Records drawn from a dataset:
———

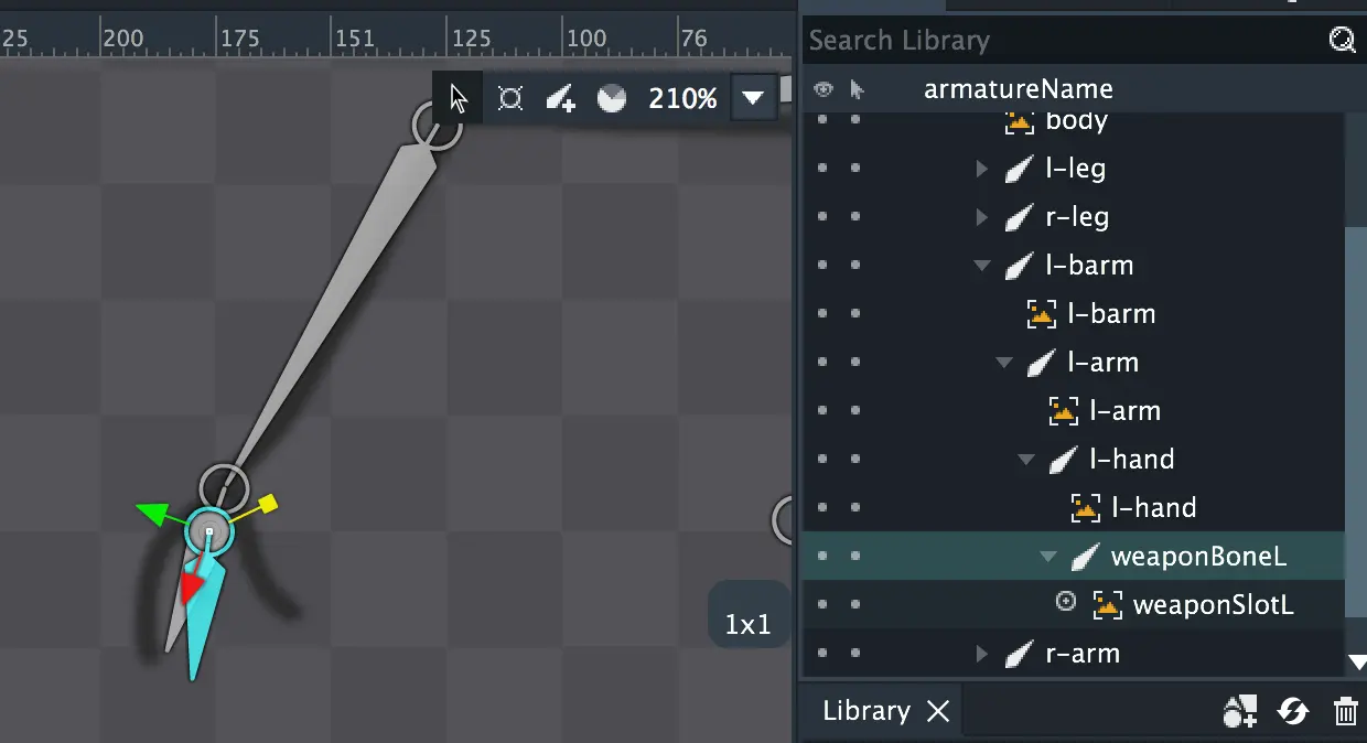 这里给手骨 l-hand 添加了一个子骨骼 weaponBoneL 以及插槽 weaponSlotL 来实现动态装载子骨骼,需要注意的是,这里的 weaponSlotL 图片不能为空,否则在运行时动态替换 Slot 时会抛出错误,笔者的做法是使用一张1x1的透明图片占位。
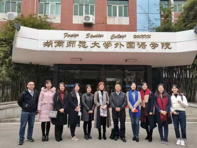 院长肖坤学教授带队,学院教学副院长苏远连教授、英语系主任陈姝副教授、副主任陈丽虹副教授、杨冬玲副教授、翁素贤老师、温静老师、王希腾老师、教务办严江殷老师、学工办辅导员黄顺婷老师和廖沛玲老师一行11人,赴湖南师范大学色漫网
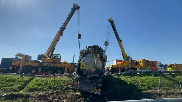 IN MATTINATA. Un camion è uscito dalla carreggiata lunedì 17 marzo alle 8 in autostrada al’altezza di Grumello, finendo ribaltato sulla massicciata che divide la A4 dalla provinciale. Due feriti, lunghe code in direzione di Milano per tutta la mattinata.
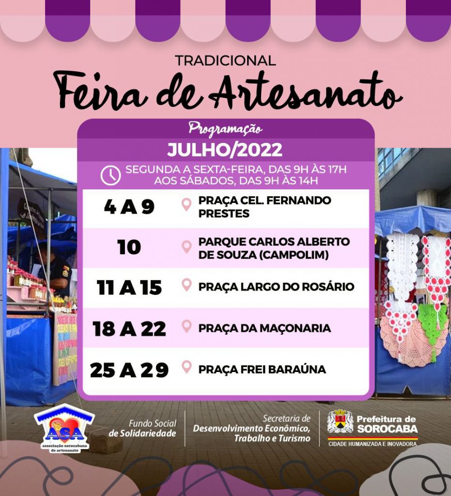 A programação da feira, neste mês de julho, começa nesta segunda-feira (4/7) e se estenderá até sábado, dia 9/7, na Praça “Coronel Fernando Prestes” (Centro). No dia 10/7, seguirá para o Parque “Carlos Alberto de Souza” (Campolim). De 11 a 15/7, as atividades serão na Praça Largo do Rosário (Centro). Na semana seguinte, de 18 a 22/7, será a vez da Praça da Maçonaria (Jardim Paulistano) receber os trabalhos e, por fim, do dia 25/7 ao dia 29/7, a feira será na Praça “Frei Baraúna” (Centro). O horário de funcionamento é sempre das 9h às 17h, de segunda a sexta-feira, e das 9h às 14h, aos sábados.
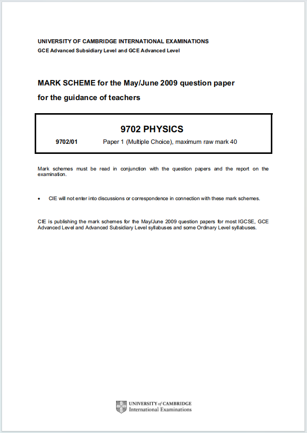 这份 Mark Scheme 是剑桥物理课程 Paper 5 的评分标准,主要用于指导教师和考官评分。Paper 5 作为实验设计与评估试卷,要求学生展示对实验物理的深入理解和实践能力。通过强化实验设计、数据分析和评估能力,学生可以在这类考试中取得优异成绩。
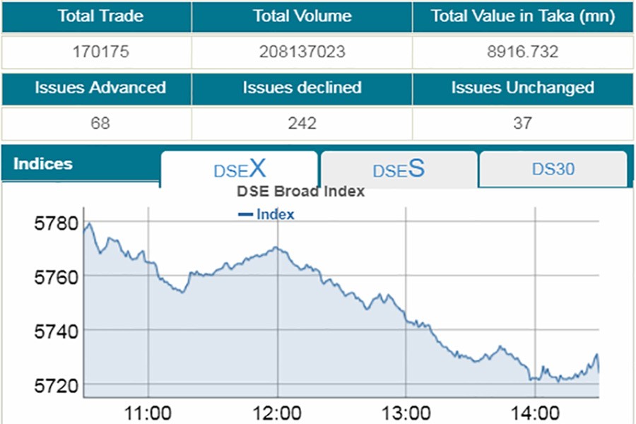 At the end of the session, DSEX, the prime index of the Dhaka Stock Exchange (DSE), settled at six-week low at 5,724, losing 51.30 points or 0.88 per cent over the previous session.
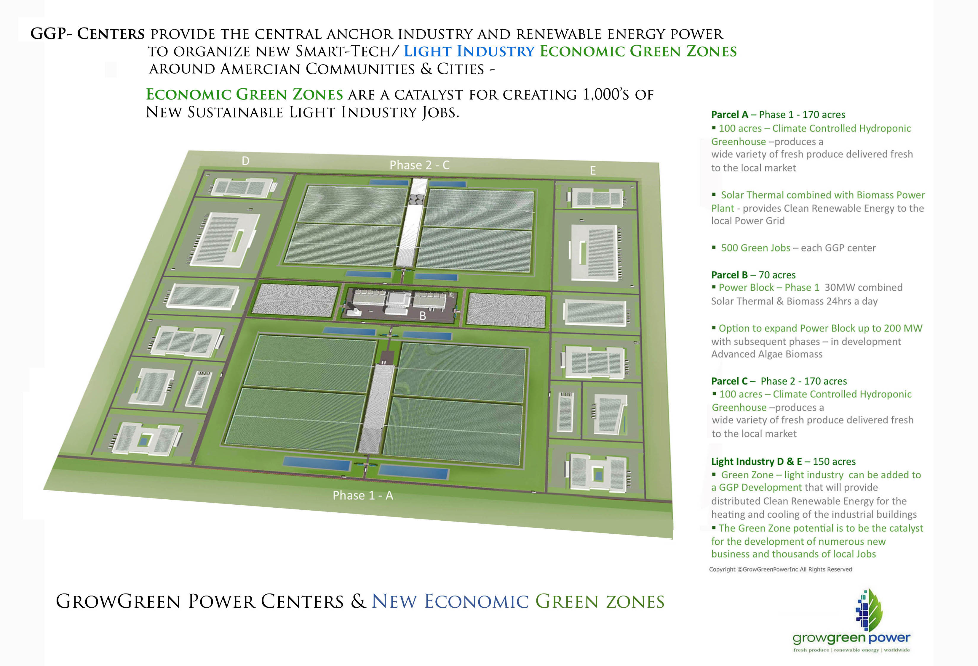 GrowGreen Power Centers are a fundamental building block in the emergence new Economic Green Zones that can be developed around American Cities and Communities producing much of what need in the United States at home with American resources in new High-tech, Sustainable Energy driven Net Zero Economic hubs. This will be the key to reinvigorating the American Economy and the American High Tech work force – with well paid and high quality American jobs.

———

WORK INSTRUCTION:
Transcribe, word for word, the stretch of lines in the data above from the one with "这份 Mark Scheme" through the one with "At the end of"; omit all pictures.

EXERCISE RESPONSE:
 这份 Mark Scheme 是剑桥物理课程 Paper 5 的评分标准,主要用于指导教师和考官评分。Paper 5 作为实验设计与评估试卷,要求学生展示对实验物理的深入理解和实践能力。通过强化实验设计、数据分析和评估能力,学生可以在这类考试中取得优异成绩。
 At the end of the session, DSEX, the prime index of the Dhaka Stock Exchange (DSE), settled at six-week low at 5,724, losing 51.30 points or 0.88 per cent over the previous session.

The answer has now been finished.